[[ RECORDS FOR THE EXERCISE open ]]
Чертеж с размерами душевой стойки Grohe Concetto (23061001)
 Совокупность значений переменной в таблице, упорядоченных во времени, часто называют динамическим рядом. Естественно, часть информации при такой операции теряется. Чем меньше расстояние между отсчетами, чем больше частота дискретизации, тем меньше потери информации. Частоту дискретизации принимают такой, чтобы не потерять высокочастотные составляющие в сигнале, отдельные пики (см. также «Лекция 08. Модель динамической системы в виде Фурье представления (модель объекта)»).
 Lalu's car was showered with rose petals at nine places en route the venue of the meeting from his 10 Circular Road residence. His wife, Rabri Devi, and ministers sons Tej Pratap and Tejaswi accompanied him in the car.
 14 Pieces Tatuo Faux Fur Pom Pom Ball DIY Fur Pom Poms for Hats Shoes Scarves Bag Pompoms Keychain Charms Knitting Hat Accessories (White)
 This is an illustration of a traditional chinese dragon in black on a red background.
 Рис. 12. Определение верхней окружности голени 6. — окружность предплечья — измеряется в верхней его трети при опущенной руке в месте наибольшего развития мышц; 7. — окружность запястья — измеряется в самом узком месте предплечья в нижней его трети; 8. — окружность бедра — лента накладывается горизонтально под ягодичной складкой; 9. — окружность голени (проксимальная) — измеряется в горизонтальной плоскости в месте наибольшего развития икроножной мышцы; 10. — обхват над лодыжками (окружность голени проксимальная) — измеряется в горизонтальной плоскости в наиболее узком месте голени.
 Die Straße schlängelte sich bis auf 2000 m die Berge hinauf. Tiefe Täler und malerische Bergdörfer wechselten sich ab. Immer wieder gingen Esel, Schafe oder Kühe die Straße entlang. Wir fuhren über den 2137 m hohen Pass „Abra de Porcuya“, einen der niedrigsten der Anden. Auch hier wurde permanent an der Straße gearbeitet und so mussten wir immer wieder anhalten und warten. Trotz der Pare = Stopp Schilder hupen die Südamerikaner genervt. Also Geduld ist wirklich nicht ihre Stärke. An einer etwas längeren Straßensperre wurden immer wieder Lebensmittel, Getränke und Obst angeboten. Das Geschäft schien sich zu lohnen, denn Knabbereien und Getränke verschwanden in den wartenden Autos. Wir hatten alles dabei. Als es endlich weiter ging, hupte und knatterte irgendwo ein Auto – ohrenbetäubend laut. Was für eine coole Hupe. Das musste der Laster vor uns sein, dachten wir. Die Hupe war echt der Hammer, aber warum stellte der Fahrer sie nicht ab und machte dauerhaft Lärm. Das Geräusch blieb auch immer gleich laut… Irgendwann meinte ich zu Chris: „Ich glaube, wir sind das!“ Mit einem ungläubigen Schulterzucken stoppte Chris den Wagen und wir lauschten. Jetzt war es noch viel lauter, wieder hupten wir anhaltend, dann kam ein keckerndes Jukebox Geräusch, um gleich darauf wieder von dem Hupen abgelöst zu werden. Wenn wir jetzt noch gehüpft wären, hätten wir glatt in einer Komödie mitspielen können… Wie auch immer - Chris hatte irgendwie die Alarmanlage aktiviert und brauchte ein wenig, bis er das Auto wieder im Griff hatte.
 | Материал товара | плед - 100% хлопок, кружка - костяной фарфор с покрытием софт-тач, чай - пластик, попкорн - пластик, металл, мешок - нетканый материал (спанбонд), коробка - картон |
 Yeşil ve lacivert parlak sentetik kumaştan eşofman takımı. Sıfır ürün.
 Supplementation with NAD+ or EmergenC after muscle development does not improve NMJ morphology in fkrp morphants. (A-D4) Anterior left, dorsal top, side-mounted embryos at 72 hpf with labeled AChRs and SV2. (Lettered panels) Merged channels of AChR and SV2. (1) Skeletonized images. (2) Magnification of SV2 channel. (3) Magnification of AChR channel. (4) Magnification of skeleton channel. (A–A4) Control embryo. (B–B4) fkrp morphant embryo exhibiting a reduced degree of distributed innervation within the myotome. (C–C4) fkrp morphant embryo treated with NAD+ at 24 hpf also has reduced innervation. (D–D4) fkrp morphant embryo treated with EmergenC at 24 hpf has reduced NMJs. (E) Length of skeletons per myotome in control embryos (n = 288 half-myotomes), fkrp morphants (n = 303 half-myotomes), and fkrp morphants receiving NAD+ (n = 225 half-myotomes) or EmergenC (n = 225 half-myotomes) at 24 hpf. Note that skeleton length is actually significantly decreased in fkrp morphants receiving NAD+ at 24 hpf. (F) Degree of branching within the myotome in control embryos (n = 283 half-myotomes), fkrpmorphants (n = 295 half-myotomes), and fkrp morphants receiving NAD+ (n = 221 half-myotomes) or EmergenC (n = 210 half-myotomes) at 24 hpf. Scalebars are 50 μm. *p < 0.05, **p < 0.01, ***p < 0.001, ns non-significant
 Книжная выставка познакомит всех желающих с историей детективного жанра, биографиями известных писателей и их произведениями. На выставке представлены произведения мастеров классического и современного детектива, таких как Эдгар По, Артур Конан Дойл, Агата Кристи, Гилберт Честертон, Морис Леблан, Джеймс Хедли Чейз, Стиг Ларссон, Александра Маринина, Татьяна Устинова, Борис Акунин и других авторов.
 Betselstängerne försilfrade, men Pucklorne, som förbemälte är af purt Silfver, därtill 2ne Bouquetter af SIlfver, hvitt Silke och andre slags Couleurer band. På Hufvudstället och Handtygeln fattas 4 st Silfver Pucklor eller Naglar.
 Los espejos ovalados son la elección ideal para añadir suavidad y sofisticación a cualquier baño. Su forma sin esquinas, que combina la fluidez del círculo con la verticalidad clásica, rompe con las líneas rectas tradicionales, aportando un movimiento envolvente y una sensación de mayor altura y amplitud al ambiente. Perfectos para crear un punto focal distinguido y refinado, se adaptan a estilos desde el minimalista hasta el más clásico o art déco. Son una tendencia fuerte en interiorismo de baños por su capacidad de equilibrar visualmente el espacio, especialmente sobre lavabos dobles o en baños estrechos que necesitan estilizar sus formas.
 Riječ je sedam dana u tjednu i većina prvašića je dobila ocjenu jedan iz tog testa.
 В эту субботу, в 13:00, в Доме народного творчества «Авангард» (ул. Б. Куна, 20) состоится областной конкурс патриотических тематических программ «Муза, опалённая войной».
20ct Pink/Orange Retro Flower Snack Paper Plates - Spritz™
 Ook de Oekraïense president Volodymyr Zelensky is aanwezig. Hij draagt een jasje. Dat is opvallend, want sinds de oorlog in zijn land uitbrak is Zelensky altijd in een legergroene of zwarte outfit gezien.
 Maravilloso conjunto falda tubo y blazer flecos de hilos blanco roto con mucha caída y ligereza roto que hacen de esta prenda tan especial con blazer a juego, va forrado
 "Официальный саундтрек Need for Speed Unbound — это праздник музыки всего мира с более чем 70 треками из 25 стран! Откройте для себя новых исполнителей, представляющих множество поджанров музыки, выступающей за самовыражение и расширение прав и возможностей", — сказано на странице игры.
[[ RECORDS FOR THE EXERCISE closed ]]
Output each entry exactly as written, leaving none out.

Чертеж с размерами душевой стойки Grohe Concetto (23061001)
 Совокупность значений переменной в таблице, упорядоченных во времени, часто называют динамическим рядом. Естественно, часть информации при такой операции теряется. Чем меньше расстояние между отсчетами, чем больше частота дискретизации, тем меньше потери информации. Частоту дискретизации принимают такой, чтобы не потерять высокочастотные составляющие в сигнале, отдельные пики (см. также «Лекция 08. Модель динамической системы в виде Фурье представления (модель объекта)»).
 Lalu's car was showered with rose petals at nine places en route the venue of the meeting from his 10 Circular Road residence. His wife, Rabri Devi, and ministers sons Tej Pratap and Tejaswi accompanied him in the car.
 14 Pieces Tatuo Faux Fur Pom Pom Ball DIY Fur Pom Poms for Hats Shoes Scarves Bag Pompoms Keychain Charms Knitting Hat Accessories (White)
 This is an illustration of a traditional chinese dragon in black on a red background.
 Рис. 12. Определение верхней окружности голени 6. — окружность предплечья — измеряется в верхней его трети при опущенной руке в месте наибольшего развития мышц; 7. — окружность запястья — измеряется в самом узком месте предплечья в нижней его трети; 8. — окружность бедра — лента накладывается горизонтально под ягодичной складкой; 9. — окружность голени (проксимальная) — измеряется в горизонтальной плоскости в месте наибольшего развития икроножной мышцы; 10. — обхват над лодыжками (окружность голени проксимальная) — измеряется в горизонтальной плоскости в наиболее узком месте голени.
 Die Straße schlängelte sich bis auf 2000 m die Berge hinauf. Tiefe Täler und malerische Bergdörfer wechselten sich ab. Immer wieder gingen Esel, Schafe oder Kühe die Straße entlang. Wir fuhren über den 2137 m hohen Pass „Abra de Porcuya“, einen der niedrigsten der Anden. Auch hier wurde permanent an der Straße gearbeitet und so mussten wir immer wieder anhalten und warten. Trotz der Pare = Stopp Schilder hupen die Südamerikaner genervt. Also Geduld ist wirklich nicht ihre Stärke. An einer etwas längeren Straßensperre wurden immer wieder Lebensmittel, Getränke und Obst angeboten. Das Geschäft schien sich zu lohnen, denn Knabbereien und Getränke verschwanden in den wartenden Autos. Wir hatten alles dabei. Als es endlich weiter ging, hupte und knatterte irgendwo ein Auto – ohrenbetäubend laut. Was für eine coole Hupe. Das musste der Laster vor uns sein, dachten wir. Die Hupe war echt der Hammer, aber warum stellte der Fahrer sie nicht ab und machte dauerhaft Lärm. Das Geräusch blieb auch immer gleich laut… Irgendwann meinte ich zu Chris: „Ich glaube, wir sind das!“ Mit einem ungläubigen Schulterzucken stoppte Chris den Wagen und wir lauschten. Jetzt war es noch viel lauter, wieder hupten wir anhaltend, dann kam ein keckerndes Jukebox Geräusch, um gleich darauf wieder von dem Hupen abgelöst zu werden. Wenn wir jetzt noch gehüpft wären, hätten wir glatt in einer Komödie mitspielen können… Wie auch immer - Chris hatte irgendwie die Alarmanlage aktiviert und brauchte ein wenig, bis er das Auto wieder im Griff hatte.
 | Материал товара | плед - 100% хлопок, кружка - костяной фарфор с покрытием софт-тач, чай - пластик, попкорн - пластик, металл, мешок - нетканый материал (спанбонд), коробка - картон |
 Yeşil ve lacivert parlak sentetik kumaştan eşofman takımı. Sıfır ürün.
 Supplementation with NAD+ or EmergenC after muscle development does not improve NMJ morphology in fkrp morphants. (A-D4) Anterior left, dorsal top, side-mounted embryos at 72 hpf with labeled AChRs and SV2. (Lettered panels) Merged channels of AChR and SV2. (1) Skeletonized images. (2) Magnification of SV2 channel. (3) Magnification of AChR channel. (4) Magnification of skeleton channel. (A–A4) Control embryo. (B–B4) fkrp morphant embryo exhibiting a reduced degree of distributed innervation within the myotome. (C–C4) fkrp morphant embryo treated with NAD+ at 24 hpf also has reduced innervation. (D–D4) fkrp morphant embryo treated with EmergenC at 24 hpf has reduced NMJs. (E) Length of skeletons per myotome in control embryos (n = 288 half-myotomes), fkrp morphants (n = 303 half-myotomes), and fkrp morphants receiving NAD+ (n = 225 half-myotomes) or EmergenC (n = 225 half-myotomes) at 24 hpf. Note that skeleton length is actually significantly decreased in fkrp morphants receiving NAD+ at 24 hpf. (F) Degree of branching within the myotome in control embryos (n = 283 half-myotomes), fkrpmorphants (n = 295 half-myotomes), and fkrp morphants receiving NAD+ (n = 221 half-myotomes) or EmergenC (n = 210 half-myotomes) at 24 hpf. Scalebars are 50 μm. *p < 0.05, **p < 0.01, ***p < 0.001, ns non-significant
 Книжная выставка познакомит всех желающих с историей детективного жанра, биографиями известных писателей и их произведениями. На выставке представлены произведения мастеров классического и современного детектива, таких как Эдгар По, Артур Конан Дойл, Агата Кристи, Гилберт Честертон, Морис Леблан, Джеймс Хедли Чейз, Стиг Ларссон, Александра Маринина, Татьяна Устинова, Борис Акунин и других авторов.
 Betselstängerne försilfrade, men Pucklorne, som förbemälte är af purt Silfver, därtill 2ne Bouquetter af SIlfver, hvitt Silke och andre slags Couleurer band. På Hufvudstället och Handtygeln fattas 4 st Silfver Pucklor eller Naglar.
 Los espejos ovalados son la elección ideal para añadir suavidad y sofisticación a cualquier baño. Su forma sin esquinas, que combina la fluidez del círculo con la verticalidad clásica, rompe con las líneas rectas tradicionales, aportando un movimiento envolvente y una sensación de mayor altura y amplitud al ambiente. Perfectos para crear un punto focal distinguido y refinado, se adaptan a estilos desde el minimalista hasta el más clásico o art déco. Son una tendencia fuerte en interiorismo de baños por su capacidad de equilibrar visualmente el espacio, especialmente sobre lavabos dobles o en baños estrechos que necesitan estilizar sus formas.
 Riječ je sedam dana u tjednu i većina prvašića je dobila ocjenu jedan iz tog testa.
 В эту субботу, в 13:00, в Доме народного творчества «Авангард» (ул. Б. Куна, 20) состоится областной конкурс патриотических тематических программ «Муза, опалённая войной».
20ct Pink/Orange Retro Flower Snack Paper Plates - Spritz™
 Ook de Oekraïense president Volodymyr Zelensky is aanwezig. Hij draagt een jasje. Dat is opvallend, want sinds de oorlog in zijn land uitbrak is Zelensky altijd in een legergroene of zwarte outfit gezien.
 Maravilloso conjunto falda tubo y blazer flecos de hilos blanco roto con mucha caída y ligereza roto que hacen de esta prenda tan especial con blazer a juego, va forrado
 "Официальный саундтрек Need for Speed Unbound — это праздник музыки всего мира с более чем 70 треками из 25 стран! Откройте для себя новых исполнителей, представляющих множество поджанров музыки, выступающей за самовыражение и расширение прав и возможностей", — сказано на странице игры.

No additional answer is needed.